Hi.  I'm not sure about the term (absolute) (I'm far from beeing fluent in English) I'm trying to optimize some GPU code, using GPA to test the results. Especially on a subset of the whole frame : [A] 1 quad (simple VS using VertexID to generate 3 vertices to draw a quad [using Scissor to render only the quad]) with some computations in PS (1 RT) [B] 1 rendering (dummy VS, complex GS [using PrimitiveID as input] reading the previous quad, simple PS rendering the generated triangles) I was surprised that each time I benchmark the code, GPA reported noticable timings differences. So I recorded a frame, and simply load it many times in GPA (always the same capture file) It seems that GPA gives 3 sets of values : [A]  GPU : 388 ( PS = 377 ) GPU : 345 ( PS = 335 ) GPU : 295 ( PS = 287 )
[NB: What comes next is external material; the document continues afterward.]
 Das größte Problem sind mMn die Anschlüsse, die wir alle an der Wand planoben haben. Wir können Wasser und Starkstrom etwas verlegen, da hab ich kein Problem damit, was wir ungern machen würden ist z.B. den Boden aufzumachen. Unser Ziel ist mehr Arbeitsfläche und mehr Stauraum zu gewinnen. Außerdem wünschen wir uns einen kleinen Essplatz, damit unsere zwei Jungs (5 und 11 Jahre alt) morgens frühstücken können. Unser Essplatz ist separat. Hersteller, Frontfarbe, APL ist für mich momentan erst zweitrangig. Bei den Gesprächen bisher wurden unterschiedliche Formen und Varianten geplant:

[B] GPU : 12122 ( GS = 7960 / PS = 4080 ) GPU : 10777 ( GS = 7070 / PS = 3626 ) GPU :  9195 ( GS = 6034 / PS = 3094 ) trying 10 reloads of the same capture file always switch to one of this case (with some decimal diff, but globally always in this range of 3 cases) I understand for the small variation, it's logical (and not a problem anyway) but the big variations may be up to 30%, with is quite annoying (when you're trying to benchmark, it's a bit worrying to have to test several times the same thing to figure a medium value). Moreover, I use a FPS counter in my application (very basic, giving the time spend for each frame). It has some small variations, but let's say far less than 5% (I never see a static scene taking 30 ms to render, then 40 ms the next frame) My test (at home) computer is a Sandy bridge (i3-2330M) laptop. Maybe it's some kind of power/frequency control issue ? [in this case would it be possible to ensure that while running GPA analysis the GPU runs at full speed] Is there any way to use a work-around ? Thanks in advance :) [I can email you the capture file if you want it]

5 posts / 0 new
For more complete information about compiler optimizations, see our Optimization Notice.
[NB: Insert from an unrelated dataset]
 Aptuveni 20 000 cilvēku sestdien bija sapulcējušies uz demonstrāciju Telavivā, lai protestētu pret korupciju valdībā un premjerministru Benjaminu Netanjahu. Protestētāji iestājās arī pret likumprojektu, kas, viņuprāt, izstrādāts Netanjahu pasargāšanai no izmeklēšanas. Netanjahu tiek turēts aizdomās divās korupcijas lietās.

by the way, I upgraded to the latest drivers (8.15.10.2761) [from the previous ones] and there are 1 2 strange things [the latest driver is available in the "Processor Graphics" section, not in the "Laptop graphic drivers", that's why I wasn't up to date] running the SAME code ... is slower why the new drivers best case     was GPU :  9195 ( GS = 6034 / PS = 3094 ) now is GPU : 10233 ( GS = 6713 / PS = 3444 ) medium case    was GPU : 10777 ( GS = 7070 / PS = 3626 ) now is GPU : 11279 ( GS = 6784 / PS = 3474 ) worst case    was GPU : 12122 ( GS = 7960 / PS = 4080 ) now is GPU : 12633 ( GS = 7963 / PS = 4086 ) (worst case beeing similar, I assume that the driver's shader compiler [HLSL asm => GPU code] is not different ?)

Hello,

Thanks for pointing this out... let me see what I can do to help with this.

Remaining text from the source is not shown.